> _Task_
Give the records below again in full, exactly as written, but without any images.

Extracted records
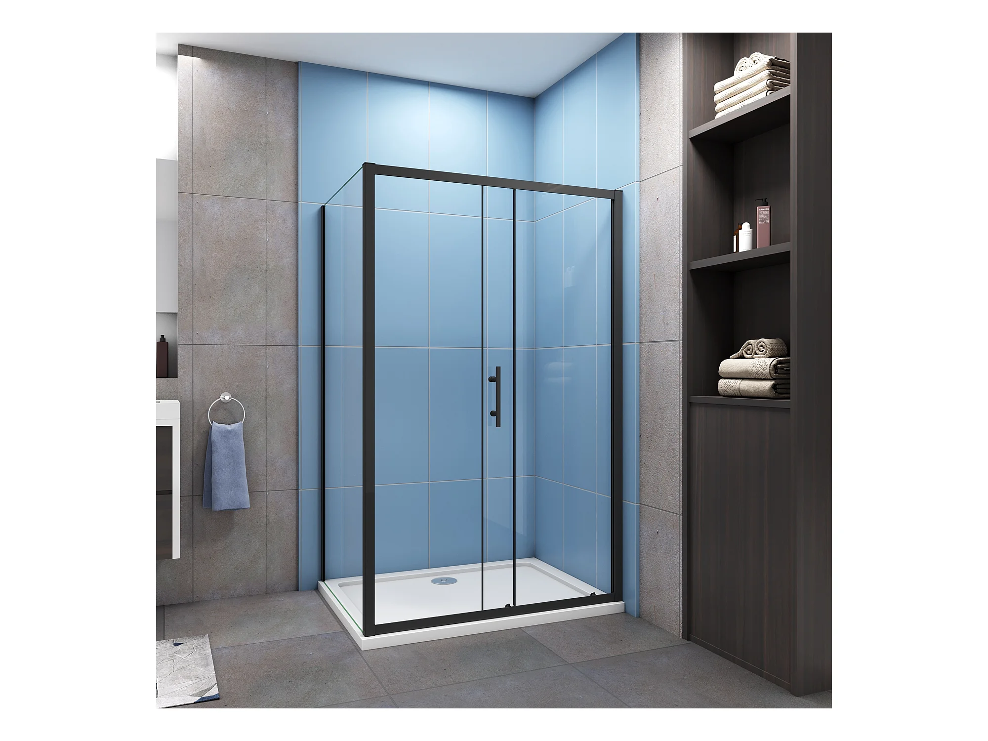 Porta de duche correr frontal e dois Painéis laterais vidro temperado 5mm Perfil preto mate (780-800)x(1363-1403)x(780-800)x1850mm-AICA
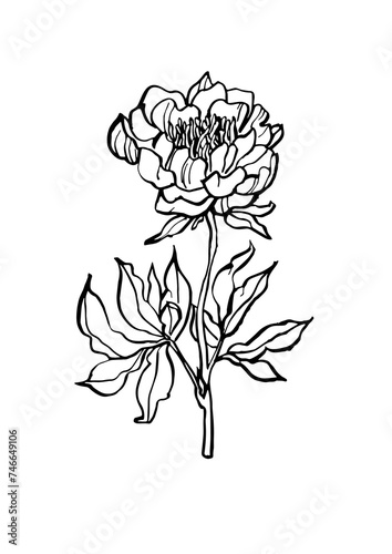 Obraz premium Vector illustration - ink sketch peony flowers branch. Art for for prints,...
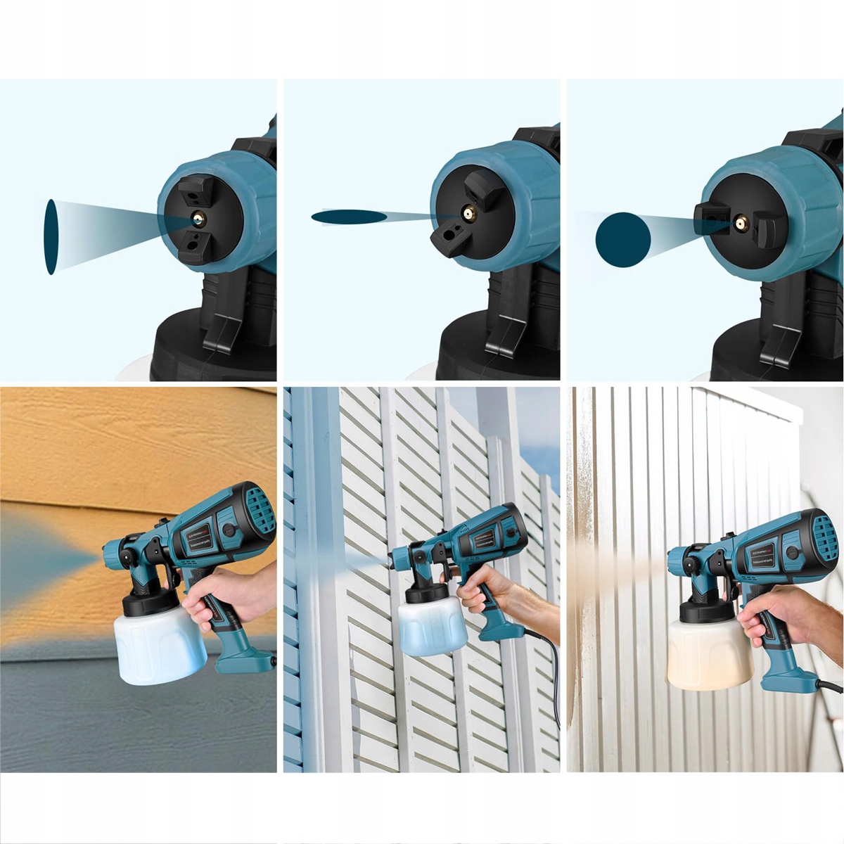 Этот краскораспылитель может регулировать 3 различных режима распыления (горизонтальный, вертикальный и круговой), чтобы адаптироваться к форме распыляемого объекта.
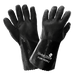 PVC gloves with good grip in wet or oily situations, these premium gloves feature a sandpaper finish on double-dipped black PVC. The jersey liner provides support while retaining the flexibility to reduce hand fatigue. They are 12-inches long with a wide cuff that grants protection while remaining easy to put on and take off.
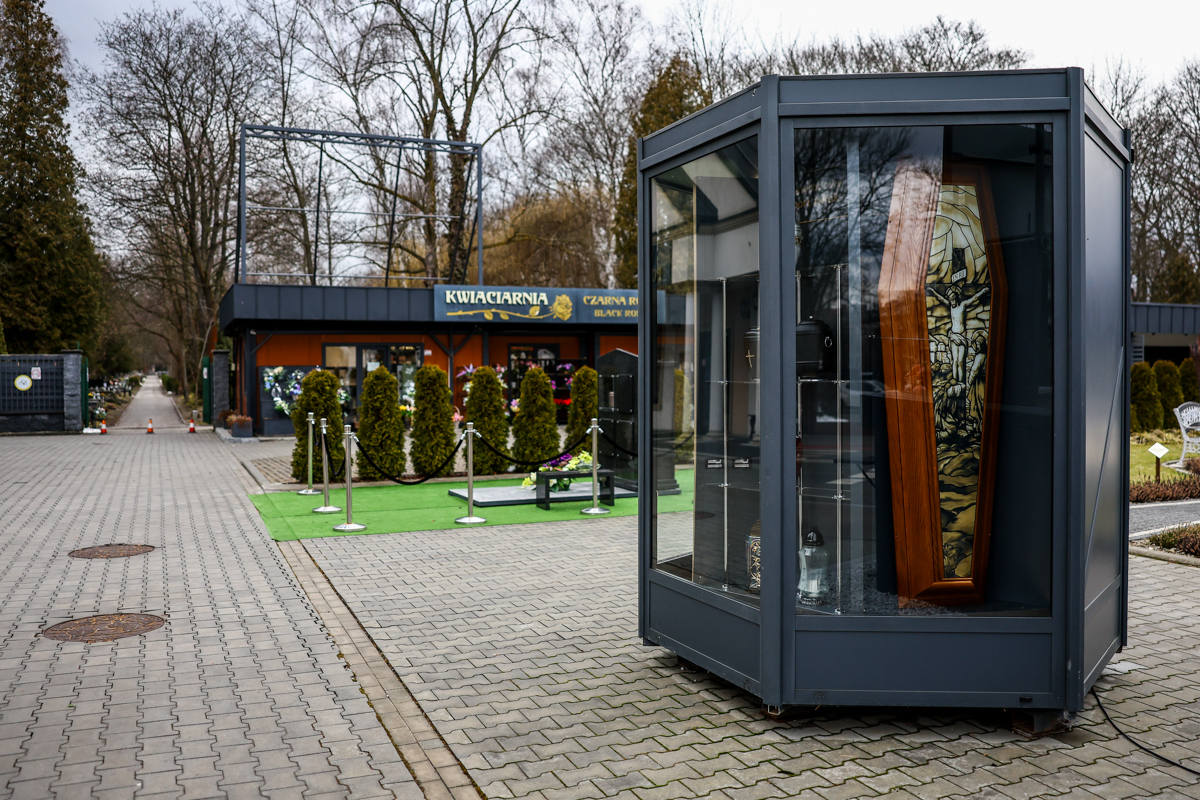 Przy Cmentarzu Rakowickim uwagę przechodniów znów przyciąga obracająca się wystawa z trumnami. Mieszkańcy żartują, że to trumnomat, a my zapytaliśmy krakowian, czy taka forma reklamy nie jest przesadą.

> _Task response_
 Porta de duche correr frontal e dois Painéis laterais vidro temperado 5mm Perfil preto mate (780-800)x(1363-1403)x(780-800)x1850mm-AICA
 Obraz premium Vector illustration - ink sketch peony flowers branch. Art for for prints,...
 Этот краскораспылитель может регулировать 3 различных режима распыления (горизонтальный, вертикальный и круговой), чтобы адаптироваться к форме распыляемого объекта.
 PVC gloves with good grip in wet or oily situations, these premium gloves feature a sandpaper finish on double-dipped black PVC. The jersey liner provides support while retaining the flexibility to reduce hand fatigue. They are 12-inches long with a wide cuff that grants protection while remaining easy to put on and take off.
 Przy Cmentarzu Rakowickim uwagę przechodniów znów przyciąga obracająca się wystawa z trumnami. Mieszkańcy żartują, że to trumnomat, a my zapytaliśmy krakowian, czy taka forma reklamy nie jest przesadą.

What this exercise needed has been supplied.